Kecamatan Talaga Raya memiliki luas wilayah 71,31 Km2 dengan jumlah penduduk mencapai 10.091 jiwa yang tersebar di 5 (lima) Desa. Berdasarkan RTRW Kabupaten Buton tahun 2007 – 2027, arah pengembangan Kecamatan Talaga Raya terkait pengelolaan sumber daya alam, akan dijadikan sebagai pusat kegiatan pertambangan dan industry dan pusat kegiatan penangkapan ikan dan budidaya perairan. Hal mana sangat kontradiktif, sebab sungguh hal yang mustahil jika industry pertambangan hendak diparalelkan dengan kegiatan pengembangan budidaya dan penangkapan ikan.

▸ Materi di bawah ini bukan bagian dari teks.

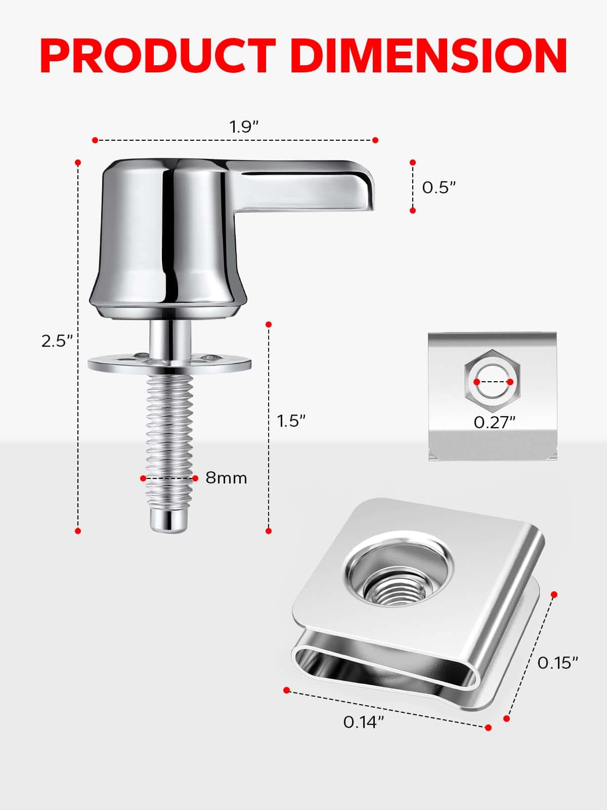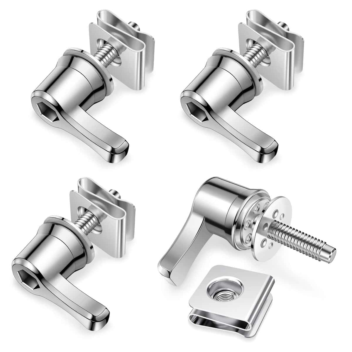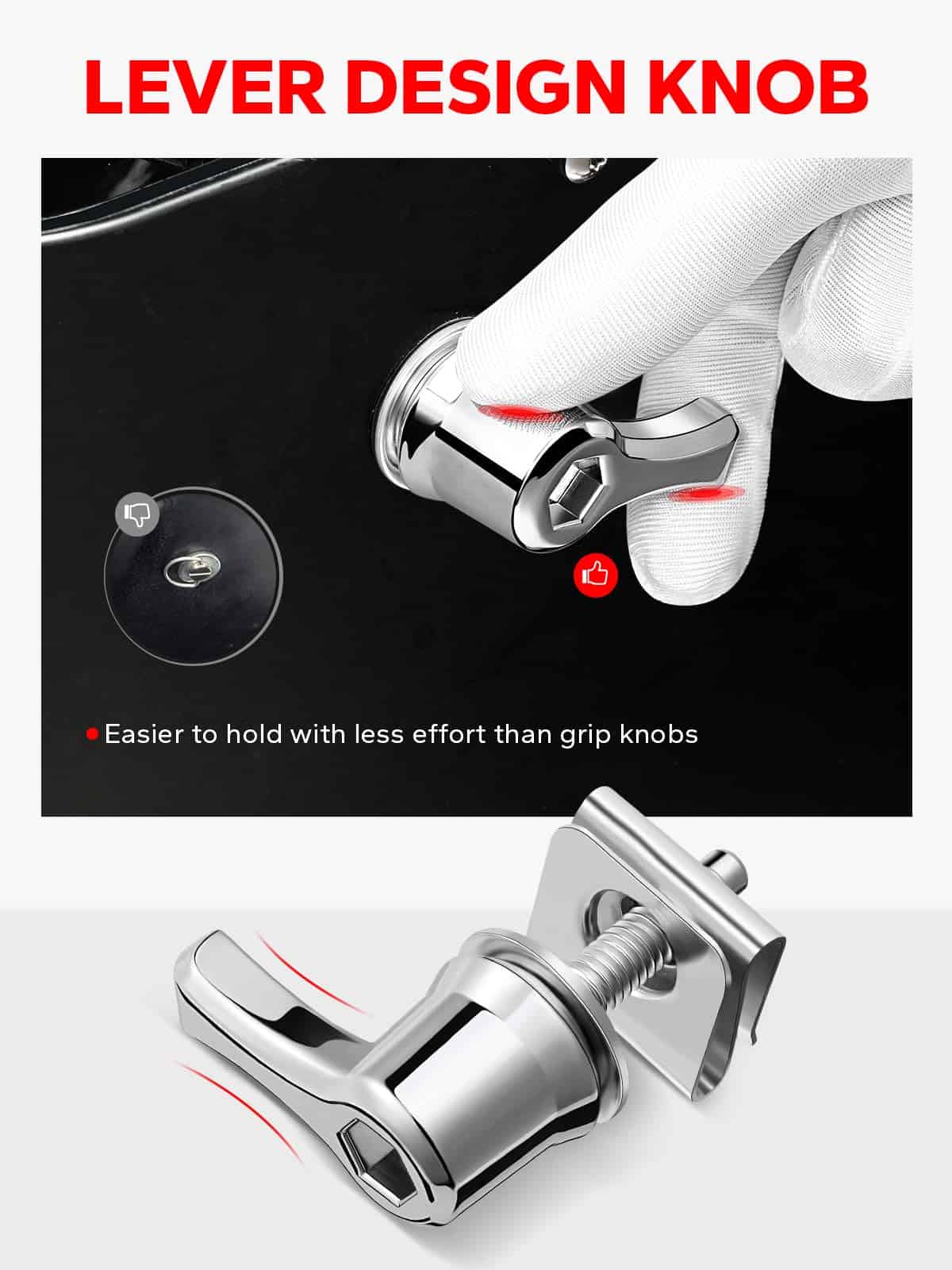 Cerraduras de Sobre de Montaje de Alforjas Amazicha Pernos de Fijación Sistema de Disuasión de Robo de Hardware de Montaje de Alforjas Ajuste para Harley Davidson Touring Street Glide Electra Glide Road Glide Softail 1992-Más Tarde (Cromo). Es un sistema de bloqueo de palanca de alforjas de seguridad de posventa compatible con Harley Davidson Touring Street Glide Electra Glide Road Glide Softail 1992-Más Tarde. Este hardware de montaje de alforjas actualizado es más fácil de agarrar y ahorra esfuerzo que el antiguo estilo de giro; el diseño único de la junta fija flotante, que hace que el alineamiento sea más conveniente durante la instalación, y ya no tienes que preocuparte por perder esta pequeña pieza. Las cerraduras de las alforjas con 6 surcos cóncavo-convexos en la parte trasera de la cabeza del tornillo y el espaciador, que ayudan a evitar que la cerradura se deslice. Escucharás un clic al apretar, en este momento el tornillo está firmemente fijado a tu alforja, no se aflojará ni saldrá, protegiendo más firmemente tus alforjas. Hecho de metal de alta calidad, antidesgaste, resistente y duradero; las cerraduras de las alforjas contra robo están ubicadas en la alforja para ayudar a proteger tus costosas alforjas de los robos y vuelos, haciendo que los objetos personales de tu alforja sean más seguros. Estos pernos de montaje de alforjas incluyen 4 pernos de palanca + 4 clips para tuercas (No se incluyen instrucciones). Además, puedes disfrutar de una garantía de calidad de 1 año bajo uso normal.

Berdasarkan surat Kepala Dinas Kehutanan Kabupaten Buton Nomor : 522/326 tanggal 13 Agustus 2007 perihal hasil identifikasi lokasi di Desa Wulu menerangkan bahwa Lokasi yang dimohonkan oleh PT. Arga Morini Indah untuk dijadikan kawasan pertambangan nikel merupakan kawasan hutan produksi terbatas dan sebagian lainnya merupakan Areal Penggunaan Lain (APL) dengan rincian, HPT seluas 1.035 Ha dan APL seluas 955 Ha. Pada areal APL terdapat lahan masyarakat yang telah mempunyai hak milik, dan direkomendasikan agar ganti rugi lahan dan tanaman diselesaikan secara tuntas sebelum PT. Arga Morini Indah memulai kegiatan eksplorasinya. (Sumber : Hasil Riset WALHI-JPKP Buton 25 Mei s.d 30 Juni 2008).
Selanjutnya berdasarkan Keputusan Buton, PT Arga Morini Indah diberikan izin eksplorasi seluas 2.000 Ha di Desa Wulu yang sebelumnya di Desa Kokoe di Kecamatan yang sama (Talaga Raya) juga telah memperoleh KP Eksplorasi seluas 1.243 Ha berdasarkan Keputusan Bupati Buton yang berlaku selama tiga tahun, sejak 2006 sampai 2009.
Sejak PT. Arga Morini Indah (AMI) melakukan eksplorasi dan eksploitasi tahun 2007 sampai sekarang, sudah membawa keresahan terhadap masyarakat Kecamatan Talaga Raya. Lokasi kuasa pertambangan eksploitasi yang dimiliki oleh PT. AMI, berada di atas tanah warga masyarakat talaga seluas 2.000 Ha baik yang berada di dalam HPT maupun dalam areal APL yang selama ini digunakan oleh warga sebagai tempat untuk bercocok tanam. Kawasan pertambangan ini pula merupakan satu-satunya sumber air bersih bagi masyarakat talaga.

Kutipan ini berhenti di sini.